No, I don’t think you’re crazy, but three days is still only three days. Even if he’s really over the moon for you he might have other shit going on. Or lost his phone. Or had an ex come back into his life. Or he died. Or maybe he’s mad you didn’t throw yourself on his dick after such a sappy, cliche date. In general: Guys rarely apply the “wait three days to call” rule you see on TV and in movies, and this is the reason. You try it maybe once before you realize that it’s juuuuust long enough for girls to go from intrigued to annoyed. Plus, it’s bad form to pull it after a first date. Always save that shit for later on when she’s had a chance to invest in you emotionally.
Dear Head Pro,
So I have been hooking up with this guy for five months. Five long months consisting of mostly drunk sex.
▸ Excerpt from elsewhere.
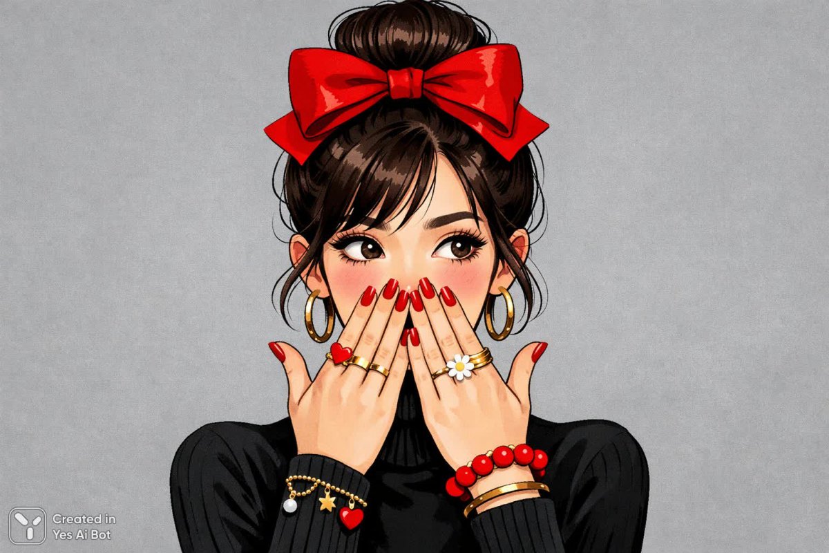5. girl with high bun and bright red bow, wearing black turtleneck, fingers covering lips, illustration style, gray backdrop, playful mood, emphasis on accessories and color.

With all those drunk hookups, however, there have also been some drunk conversations about having sex with just each other. The key word there being that they were drunk conversations, so I am assuming they might not have much truth. I guess my question is that after 5 months of consistently hooking up with one person, but nothing serious coming out of it yet, can it turn into being more than sex? And from a guy's perspective, what is a good way to bring up getting out of this just sex relationship?
Bootycall No More Betch
Wow. Just be like “hey, this is obviously a lot of fun, but I’m getting to the point where I’m looking to be in a real relationship and I don’t know if you’re up for that.” Then he’ll either say “totally, me too” or “nope, I’m not” and then you can act accordingly and get on with your lives.